The week opened with sharp losses on global markets, as investors reacted to the weekend military strikes by the United States and Israel against Iran. The shockwaves were felt from Athens to Asia, sending equities lower while oil, natural gas and gold prices surged.
At the Athens Stock Exchange, trading began with a steep decline of 3.7%, mirroring the downturn across Asian and European markets. Early transactions pushed the General Index down abruptly to 2,192 points, marking a drop of 3.75%.
Across Europe, shares also opened firmly in negative territory. The pan-European Stoxx 600 fell 1.73%, with losses recorded in every sector except oil and gas, which moved higher on the back of surging energy prices.
Oil markets reacted immediately to the heightened geopolitical risk. Brent crude and U.S. crude were trading between $72 and $80 per barrel, with analysts at Barclays warning that prices could spike as high as $100 per barrel if tensions escalate further. Natural gas followed suit, gaining 5% amid concerns over supply disruptions.
European gas prices soared even more dramatically as military operations threatened liquefied natural gas exports from the Gulf region, particularly from Qatar. At the open, Dutch TTF natural gas futures jumped 20%, after earlier surging as much as 22% to 38.885 euros per megawatt hour.

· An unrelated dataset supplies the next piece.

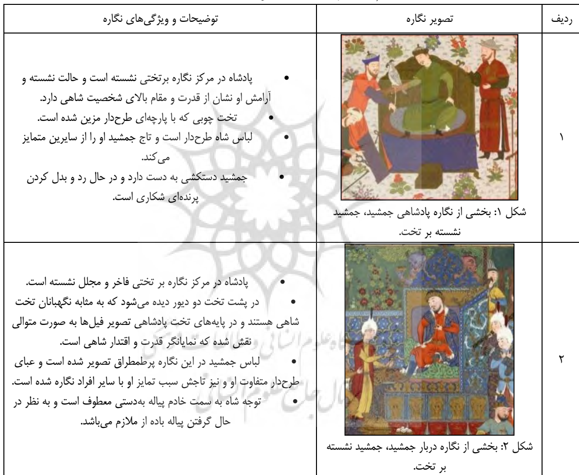
Table 3. comparison of Jamshid's character in two paintings of Jamshid's kingdom and court in the Baysonqor's Shahnameh and Tahmasp's Shahnameh. (Authors)

تصویرنگاری بایسنقری و مطالعه هنری به خلق آثار خود پرداخته‌اند. تفاوتی که در دو نگاره مشاهده می‌شود بازنمایی شغل باغبانی و کشاورزی و چوب‌بری یا نجاری در شاهنامه طهماسبی است که در بایسنقری دیده نمی‌شود. هم‌چنین در شاهنامه بایسنقری هم فردی کیف به کمر دیده می‌شود که مشابه نقش آن در نگاره طهماسبی وجود ندارد. هم‌چنین در نگاره بایسنقری نقش پرنده شکاری به رسم شکار اشاره دارد که در نگاره طهماسبی افرادی دیده می‌شوند که تیر و کمان و شمشیر به دست دارند و این لوازم هم بر امر شکار و هم بر قدرت جنگاوری اشاره دارد. مقایسه جزئیات مشاغل و صناعات در دو

U.S. equity futures pointed to further weakness before the opening bell, with the Dow Jones Industrial Average down 627 points (1.27%), S&P 500 futures off 91 points (1.32%), and Nasdaq-100 futures falling 442 points (1.71%).
Asian markets also closed lower, hit by sharp losses in airline stocks amid Middle East airspace disruptions and airport closures.
In Europe, losses were broad-based at the open: Paris -1.85%, Frankfurt -1.92%, Milan -2.11%, and London -0.93%, reflecting widespread investor concern over rising geopolitical tensions.